Second Life is getting more real every week. The recent release of a program called CopyBot, which allows a user to copy any object in Second Life, has caused some controversy. In-world merchants whose livelihoods depend on being able to sell their goods are incensed. Their only recourse may be to the Digital Millennium Copyright Act (DMCA) in the real world. Baba Yamamoto, part of the group that created CopyBot, had this to say:
"It's not that the code is some kind of exploit," Yamamoto said. "It deals with legitimate client data that every client receives, but it takes that data and converts it to a packet and sends it back to the servers, duplicating the appearance of objects and avatars. It acts like an import/export tool."
I think this demonstrates how fluid notions of property are going to become.

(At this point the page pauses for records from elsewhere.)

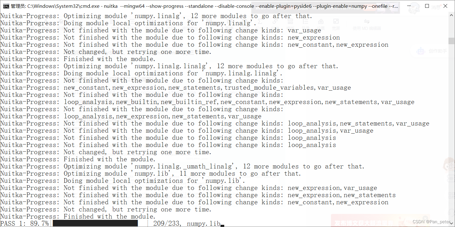 nuitka --mingw64 --show-progress --standalone --disable-console --enable-plugin=pyside6 --plugin-enable=numpy --onefile --remove-output camera.py进入虚拟环境->安装库->开始打包
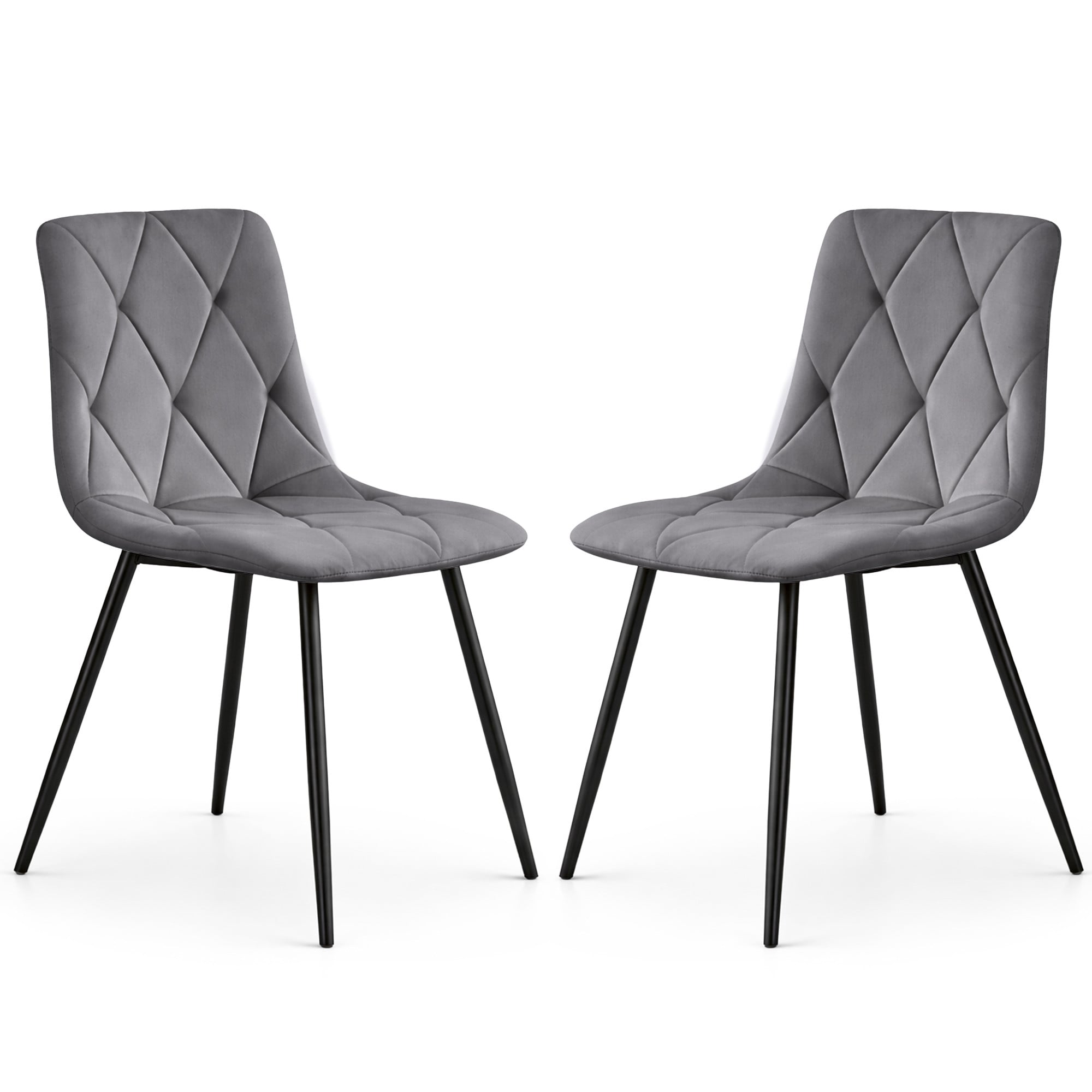 2x Welurowe krzesło tapicerowane pikowane Ciemny Grafit MILO Czarne nogi
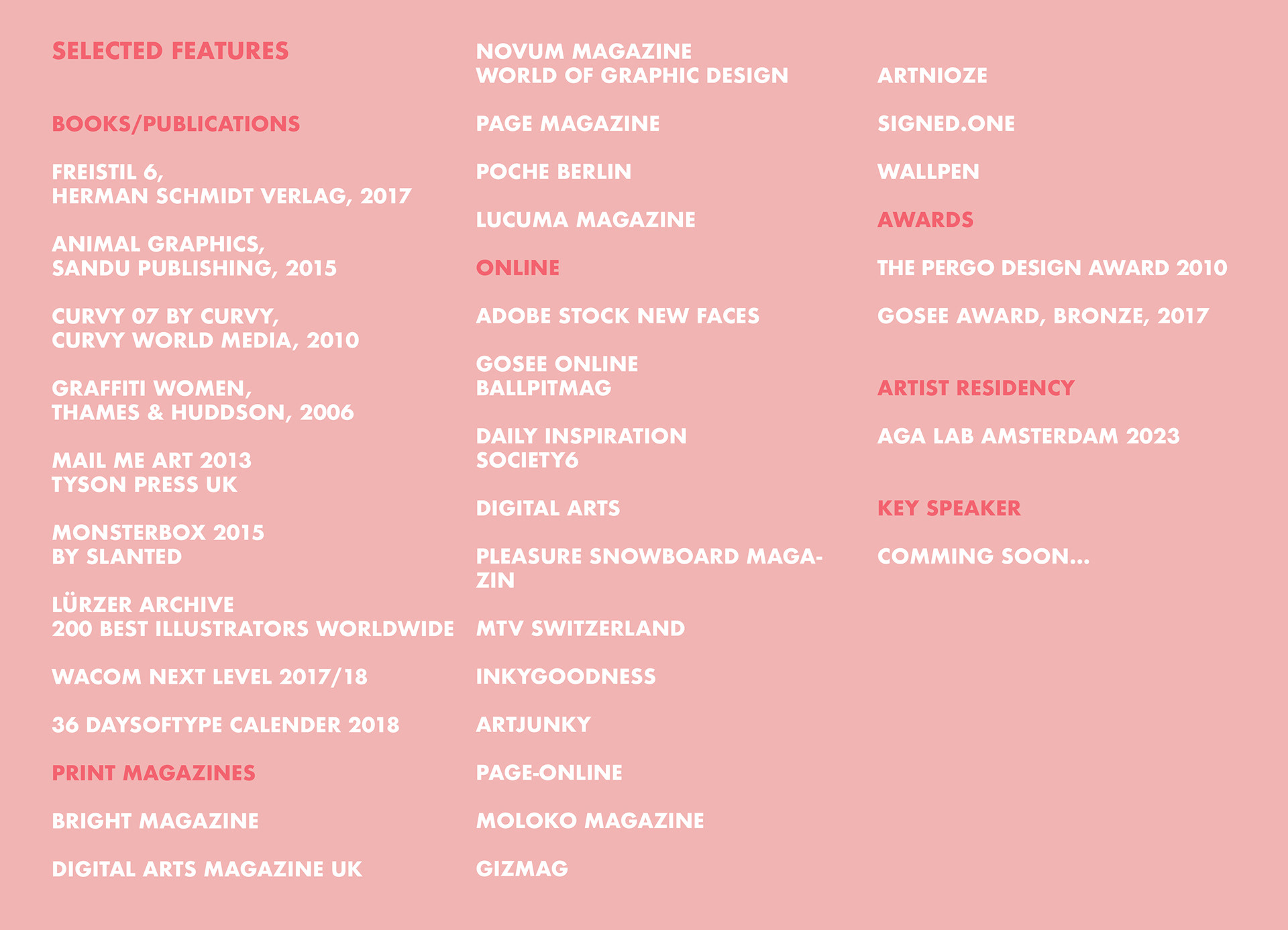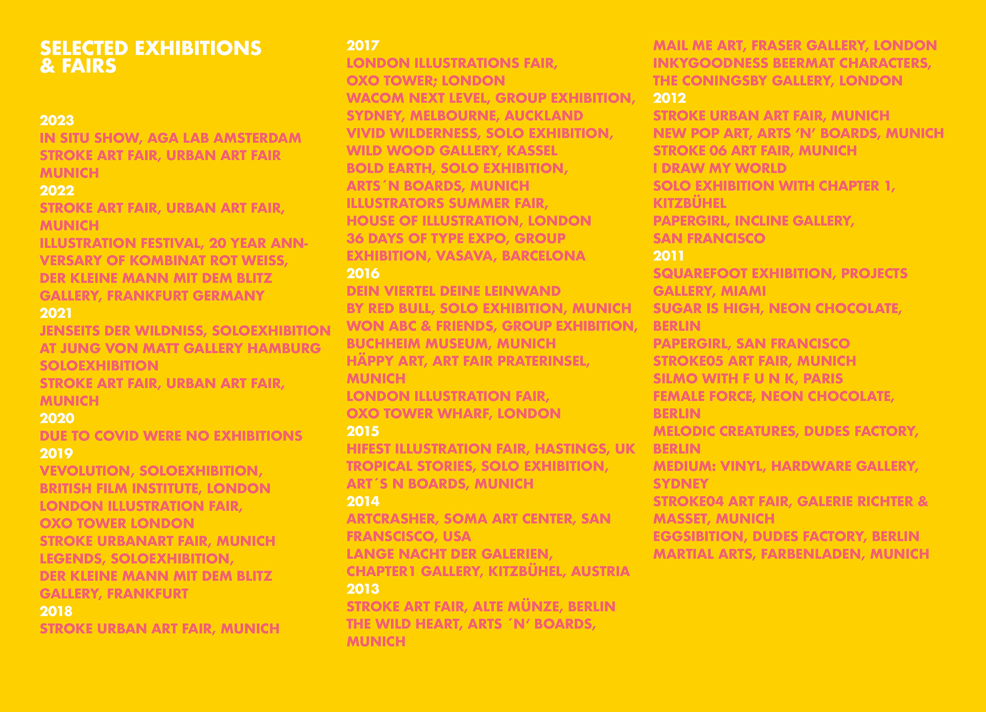 After earning my degree in Illustration and Visual Communication from the University of Augsburg and the London College of Communication in 2010, I launched my career as a freelance artist. Since then, I have collaborated with national and international clients and exhibited my work worldwide.
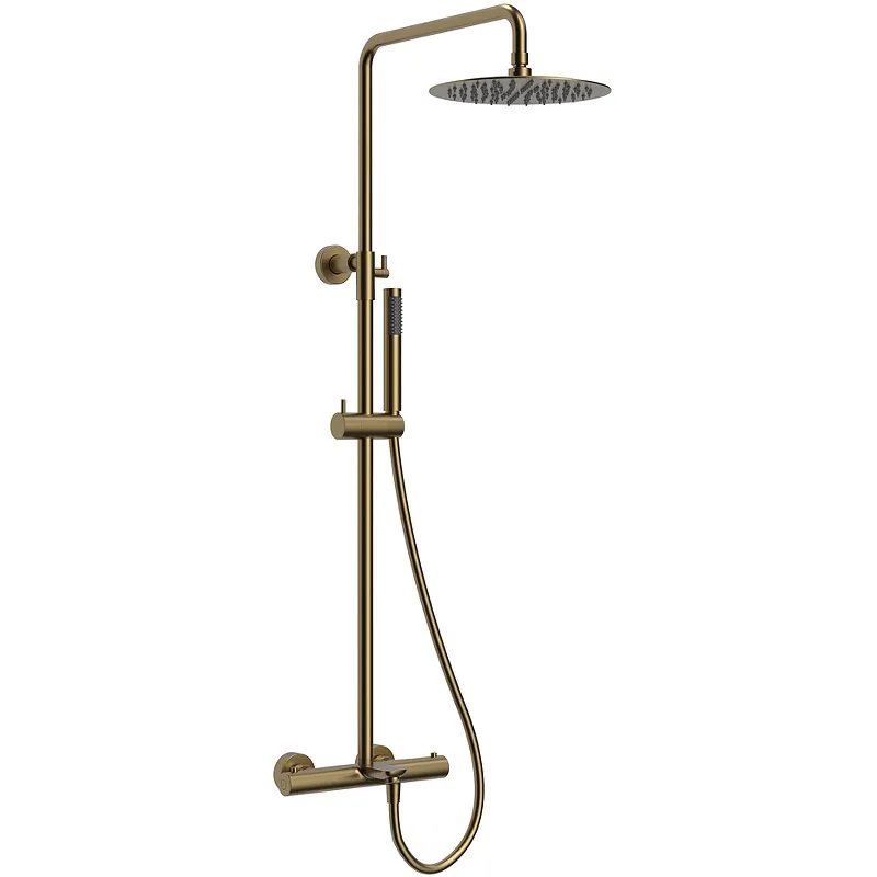 - Элегантный дизайн в золотом матовом цвете: украсьте свою ванную роскошной душевой системой.
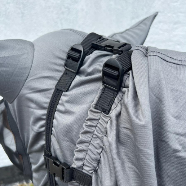 De deken is voorzien van flexibele inzetstukken bij de schouders en de hals, waardoor je paard voldoende bewegingsvrijheid heeft. Verder heeft de deken een verstelbaar elastiek bij de hals en een brede, elastische buikflap. Deze zorgt voor een nauwsluitende en veilige pasvorm zonder ongemak. De verstelbare bescherming tussen de voorbenen en de grote staartflap bieden uitstekende bescherming tegen irriterende beten van muggen.
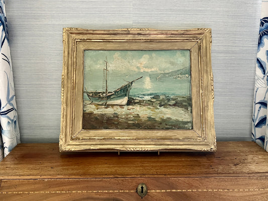 Late 19th Century Impressionist Blue Fishing Boat Seascape Oil Painting in Gold Frame
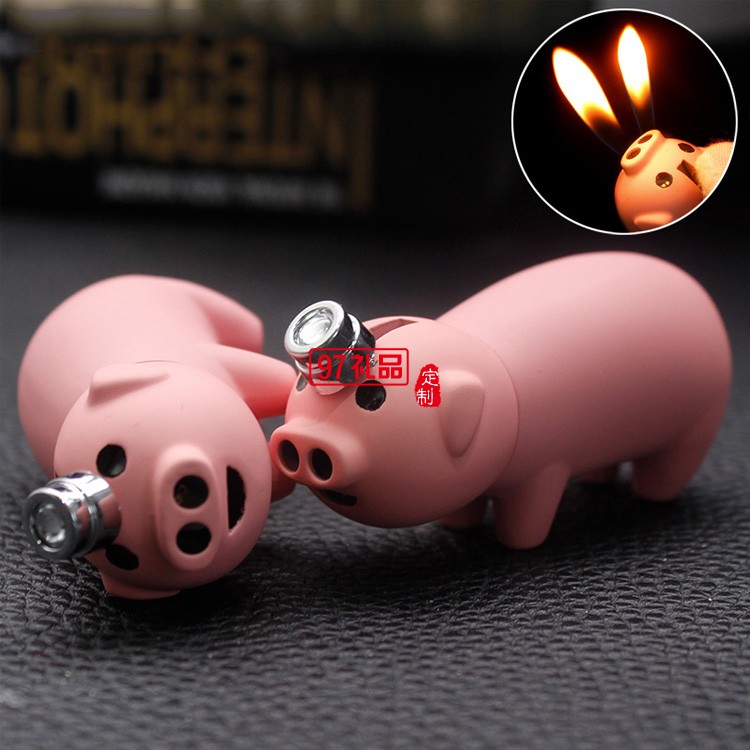 創(chuàng)意小豬雙火充氣打火機(jī)定制logo定制公司廣告促銷禮品
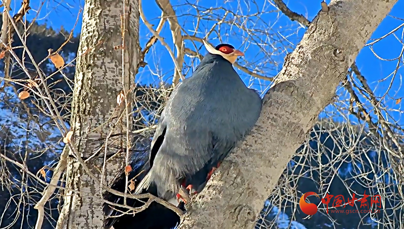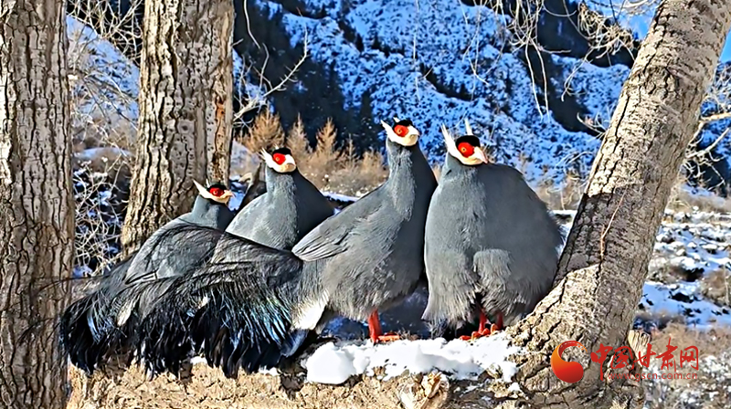 巡護(hù)員用鏡頭記錄下畫面,二十余只藍(lán)馬雞宛如冰雪精靈,在銀裝素裹的喬木林間愜意“聚會(huì)”。三五成群的藍(lán)馬雞用強(qiáng)健有力的爪喙翻動(dòng)雪層,精準(zhǔn)定位埋藏的草籽,專心干飯。距地面十余米的楊樹(shù)上,擔(dān)任警戒的“哨兵”不時(shí)發(fā)出低沉的咕嚕聲,蓬松的尾羽在陽(yáng)光下流轉(zhuǎn)著金屬般的光澤。最引人注目的當(dāng)數(shù)林間空地上的“時(shí)裝秀”了,“模特”們輪流抖動(dòng)藍(lán)黑漸變的羽毛,頸后白色耳羽簇如流蘇輕顫,精彩的表演折服了五位“評(píng)委”,它們個(gè)個(gè)目不轉(zhuǎn)睛,生怕漏掉每一個(gè)演出細(xì)節(jié)。這場(chǎng)持續(xù)數(shù)小時(shí)的藍(lán)馬雞“聚會(huì)”也為祁連山國(guó)家公園生態(tài)系統(tǒng)健康運(yùn)轉(zhuǎn)做出了生動(dòng)注腳。
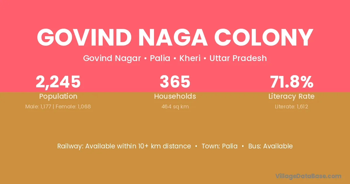 Palia is the nearest town to Govind Naga Colony village for major economic activities
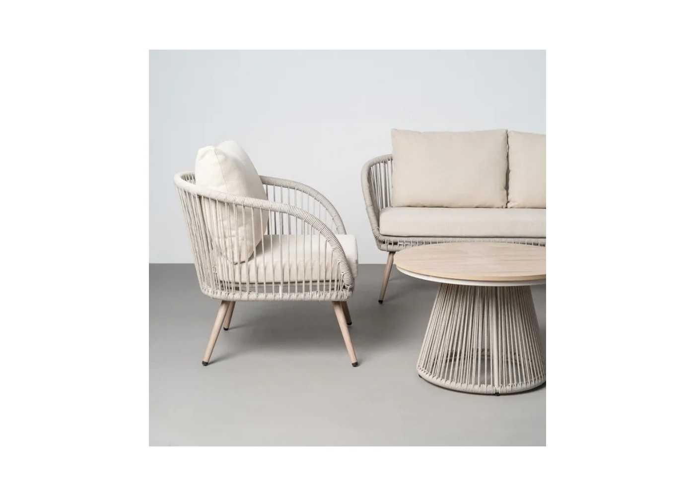 Conjunto de jardín en acero y ratán - AARON

There are essentially zero variable costs of production of a digital good. You're dealing with intangible bits of information that can be copied at zero cost. In addition, copying a virtual Dell computer doesn't deprive Dell of one Dell computer, as it would in the real world.

These arguments are similar to the ones revolving around filesharing mp3s except here the "victim" isn't a big corporation, but mostly individual merchants. Second Life is going to be an interesting testing ground for these new ideas to evolve since it has such a vibrant in-world economy with highly invested users.

So invested that a mob of users swarmed a CopyBot vendor, shouting that she was ruining their Second Life. One user even decided to put up $3582 to buy out the would-be vendor's property in Second Life.